To do: In the entries that follow, repeat exactly the lines from the one that has "Brand: XCMG Type: GTJZ0607" through the one that has "2020年,德國(guó)住", but omit pictures.

Data:

☆ ☆ ☆

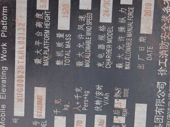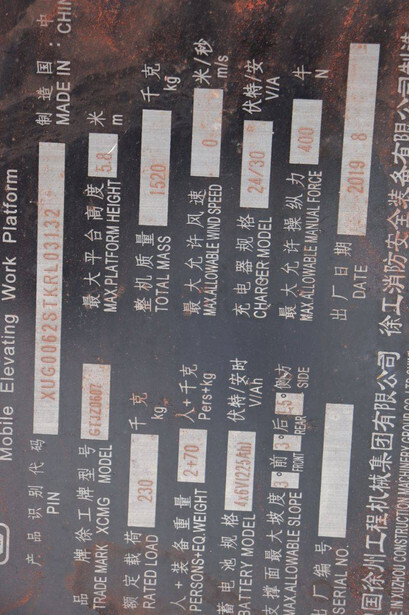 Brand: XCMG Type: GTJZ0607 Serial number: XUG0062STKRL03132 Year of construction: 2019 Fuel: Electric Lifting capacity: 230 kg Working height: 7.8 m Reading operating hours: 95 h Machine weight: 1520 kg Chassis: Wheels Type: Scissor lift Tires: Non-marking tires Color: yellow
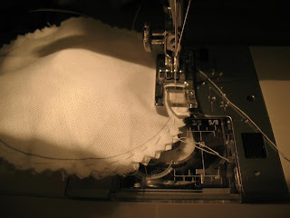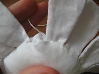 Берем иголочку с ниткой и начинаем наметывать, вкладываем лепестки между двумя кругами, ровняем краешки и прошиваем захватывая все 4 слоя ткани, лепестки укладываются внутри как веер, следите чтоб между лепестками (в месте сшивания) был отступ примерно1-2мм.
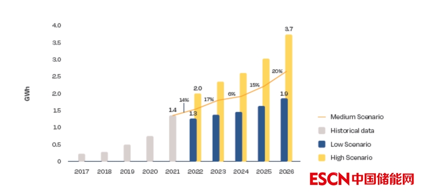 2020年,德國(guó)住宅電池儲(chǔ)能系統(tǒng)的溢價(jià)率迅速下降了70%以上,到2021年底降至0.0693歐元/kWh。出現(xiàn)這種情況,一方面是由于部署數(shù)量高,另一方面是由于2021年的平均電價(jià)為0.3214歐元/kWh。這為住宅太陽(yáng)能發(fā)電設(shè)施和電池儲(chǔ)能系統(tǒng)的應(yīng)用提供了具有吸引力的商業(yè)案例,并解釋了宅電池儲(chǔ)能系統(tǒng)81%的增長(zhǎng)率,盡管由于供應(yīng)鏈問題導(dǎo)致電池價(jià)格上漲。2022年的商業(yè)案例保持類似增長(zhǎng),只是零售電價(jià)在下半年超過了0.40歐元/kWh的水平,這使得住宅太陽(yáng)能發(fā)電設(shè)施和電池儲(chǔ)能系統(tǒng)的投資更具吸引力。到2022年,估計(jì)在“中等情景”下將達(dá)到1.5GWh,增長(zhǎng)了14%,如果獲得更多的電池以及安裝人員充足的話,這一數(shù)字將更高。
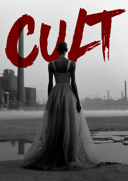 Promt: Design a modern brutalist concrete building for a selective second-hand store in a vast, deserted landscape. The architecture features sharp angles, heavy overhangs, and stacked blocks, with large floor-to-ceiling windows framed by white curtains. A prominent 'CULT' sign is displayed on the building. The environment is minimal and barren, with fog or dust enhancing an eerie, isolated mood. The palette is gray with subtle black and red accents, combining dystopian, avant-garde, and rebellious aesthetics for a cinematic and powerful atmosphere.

☆ ☆ ☆

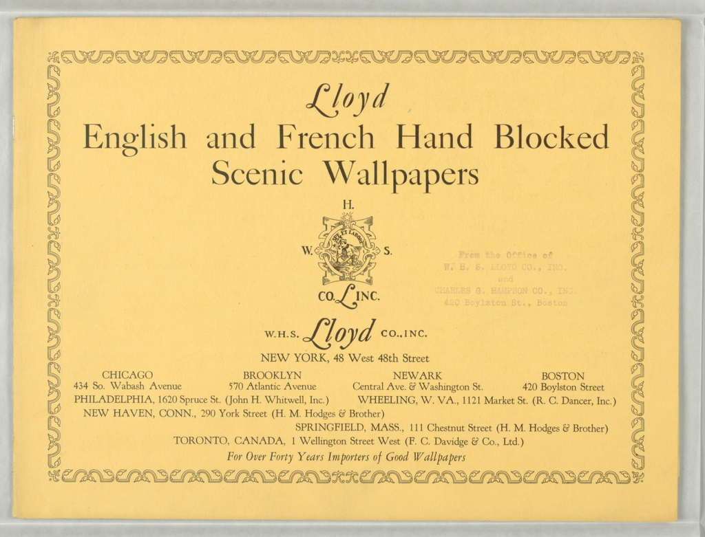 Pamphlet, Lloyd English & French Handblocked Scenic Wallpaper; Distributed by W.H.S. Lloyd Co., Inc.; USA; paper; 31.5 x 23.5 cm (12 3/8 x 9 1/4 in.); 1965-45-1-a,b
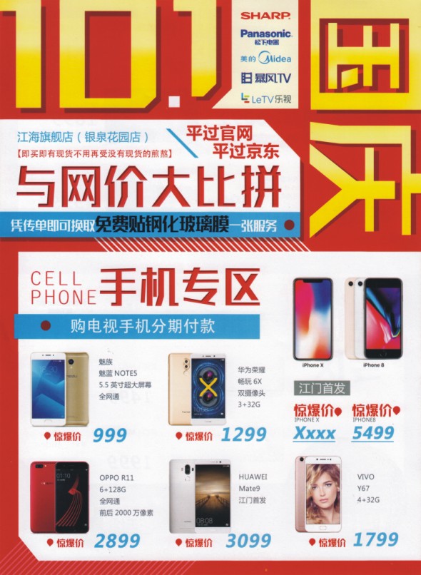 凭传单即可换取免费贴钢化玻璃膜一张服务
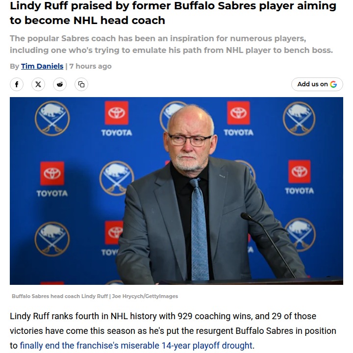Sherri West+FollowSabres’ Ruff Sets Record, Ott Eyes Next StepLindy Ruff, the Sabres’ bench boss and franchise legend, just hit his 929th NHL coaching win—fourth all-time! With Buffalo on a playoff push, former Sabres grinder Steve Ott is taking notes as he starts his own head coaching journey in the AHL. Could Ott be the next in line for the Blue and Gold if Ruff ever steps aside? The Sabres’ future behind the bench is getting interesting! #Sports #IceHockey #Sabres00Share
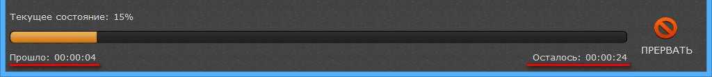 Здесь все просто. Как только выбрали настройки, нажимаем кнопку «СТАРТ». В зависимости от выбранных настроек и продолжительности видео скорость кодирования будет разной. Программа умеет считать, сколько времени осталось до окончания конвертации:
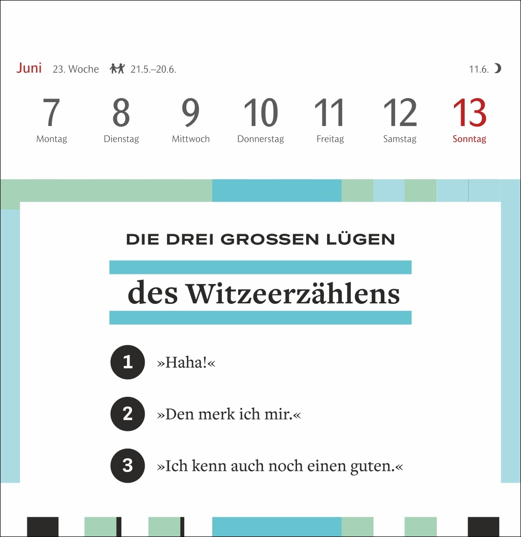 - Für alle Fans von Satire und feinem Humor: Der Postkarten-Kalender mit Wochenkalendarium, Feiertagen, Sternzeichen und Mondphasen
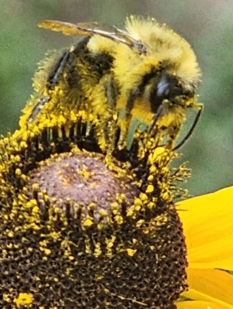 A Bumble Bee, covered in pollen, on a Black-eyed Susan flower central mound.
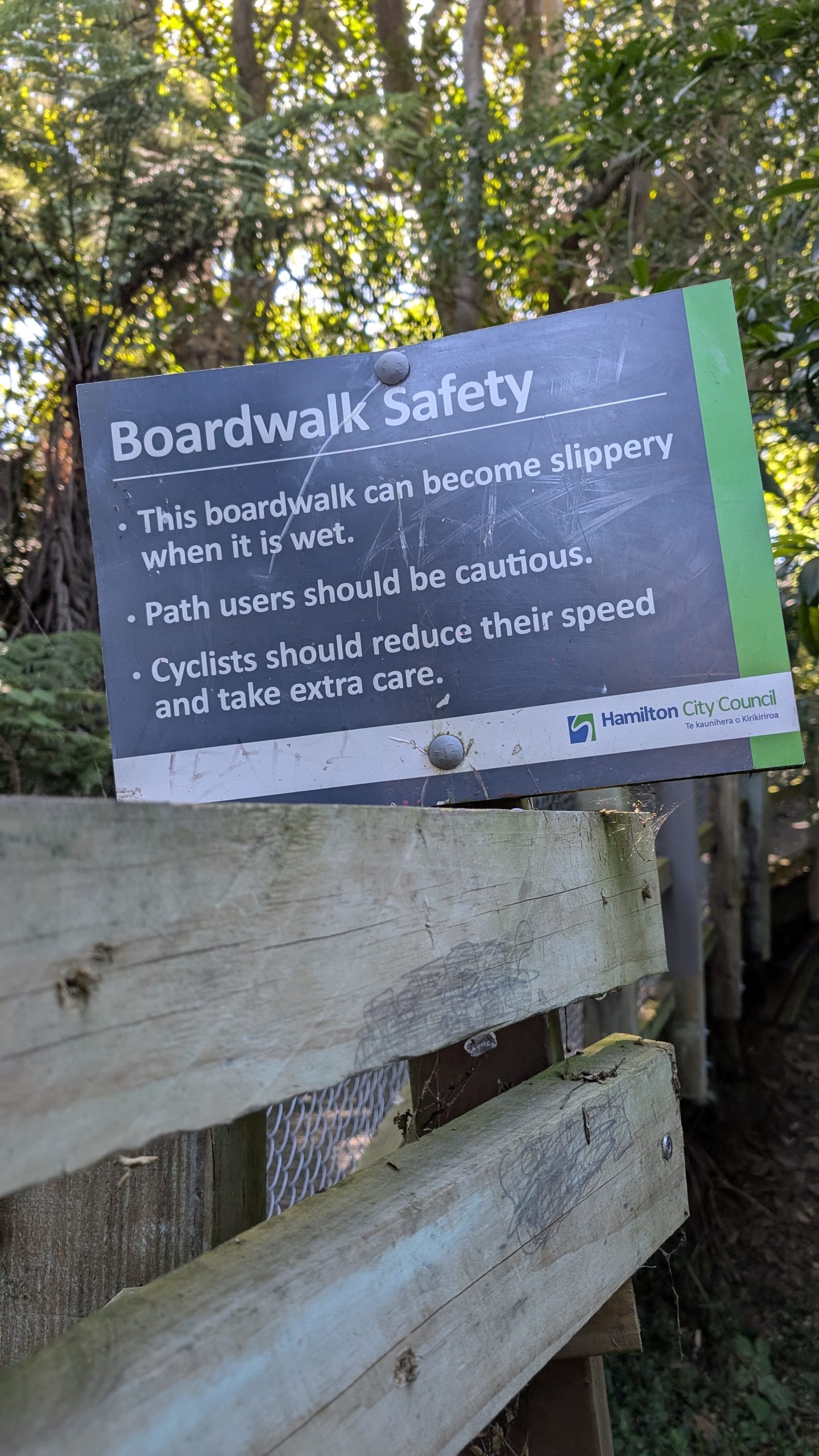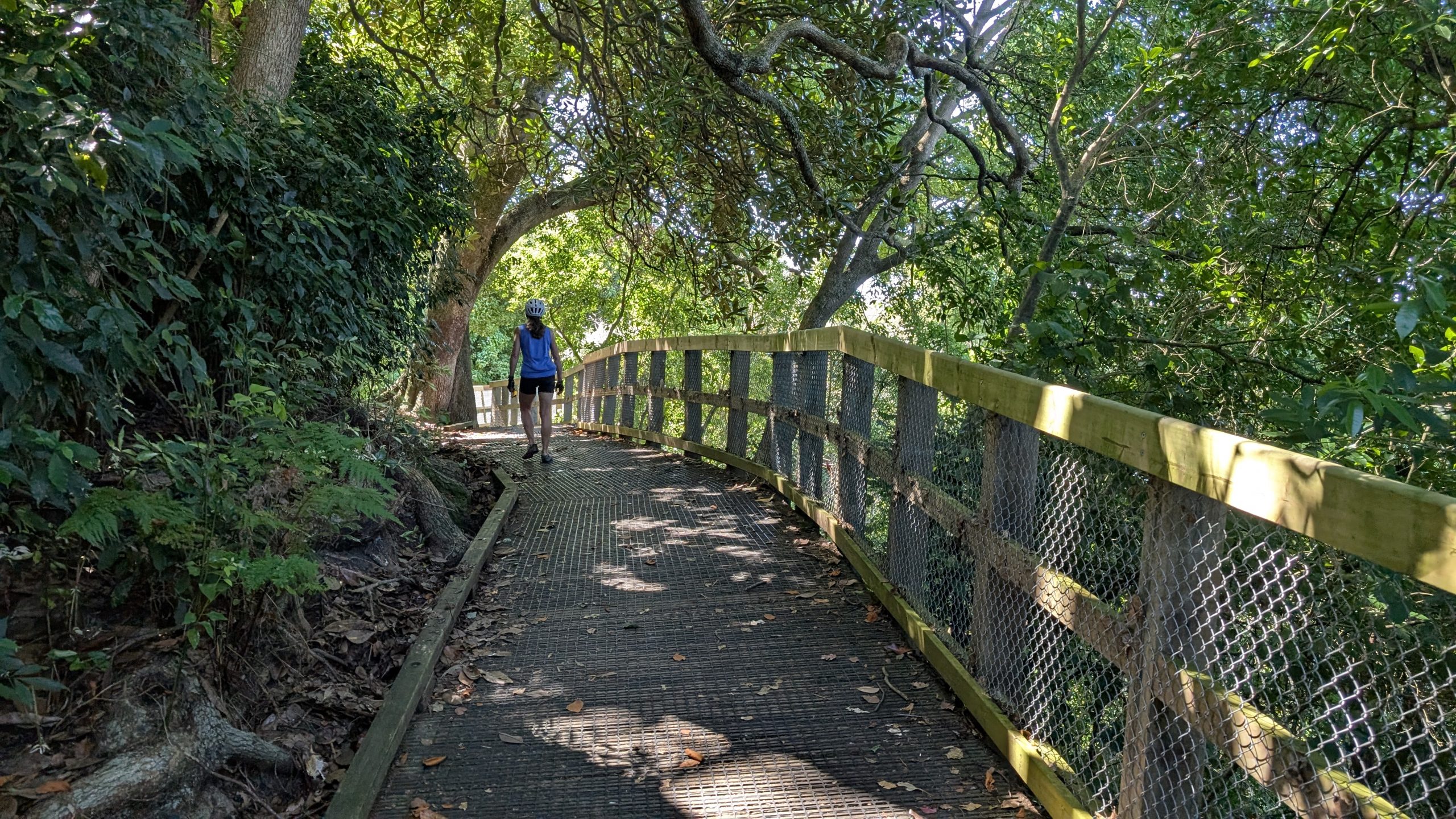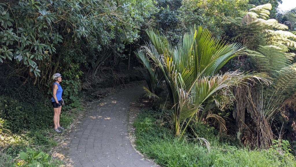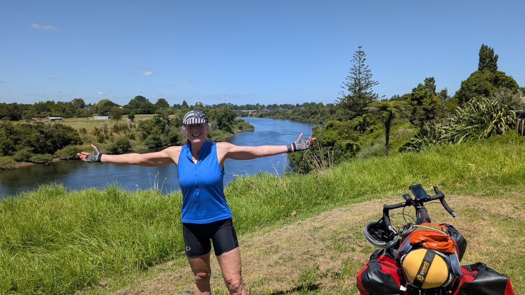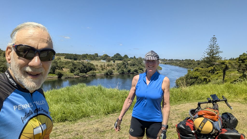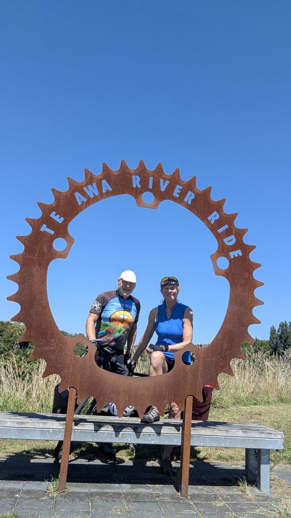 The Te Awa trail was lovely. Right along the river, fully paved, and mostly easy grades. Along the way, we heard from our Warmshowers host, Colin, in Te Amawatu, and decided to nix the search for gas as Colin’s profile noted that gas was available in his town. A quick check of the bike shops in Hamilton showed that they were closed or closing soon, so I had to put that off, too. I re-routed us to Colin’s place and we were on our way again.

☆ ☆ ☆

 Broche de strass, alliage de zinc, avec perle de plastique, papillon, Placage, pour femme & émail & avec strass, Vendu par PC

☆ ☆ ☆

Output for this exercise:
 Brand: XCMG Type: GTJZ0607 Serial number: XUG0062STKRL03132 Year of construction: 2019 Fuel: Electric Lifting capacity: 230 kg Working height: 7.8 m Reading operating hours: 95 h Machine weight: 1520 kg Chassis: Wheels Type: Scissor lift Tires: Non-marking tires Color: yellow
 Берем иголочку с ниткой и начинаем наметывать, вкладываем лепестки между двумя кругами, ровняем краешки и прошиваем захватывая все 4 слоя ткани, лепестки укладываются внутри как веер, следите чтоб между лепестками (в месте сшивания) был отступ примерно1-2мм.
 2020年,德國(guó)住宅電池儲(chǔ)能系統(tǒng)的溢價(jià)率迅速下降了70%以上,到2021年底降至0.0693歐元/kWh。出現(xiàn)這種情況,一方面是由于部署數(shù)量高,另一方面是由于2021年的平均電價(jià)為0.3214歐元/kWh。這為住宅太陽(yáng)能發(fā)電設(shè)施和電池儲(chǔ)能系統(tǒng)的應(yīng)用提供了具有吸引力的商業(yè)案例,并解釋了宅電池儲(chǔ)能系統(tǒng)81%的增長(zhǎng)率,盡管由于供應(yīng)鏈問題導(dǎo)致電池價(jià)格上漲。2022年的商業(yè)案例保持類似增長(zhǎng),只是零售電價(jià)在下半年超過了0.40歐元/kWh的水平,這使得住宅太陽(yáng)能發(fā)電設(shè)施和電池儲(chǔ)能系統(tǒng)的投資更具吸引力。到2022年,估計(jì)在“中等情景”下將達(dá)到1.5GWh,增長(zhǎng)了14%,如果獲得更多的電池以及安裝人員充足的話,這一數(shù)字將更高。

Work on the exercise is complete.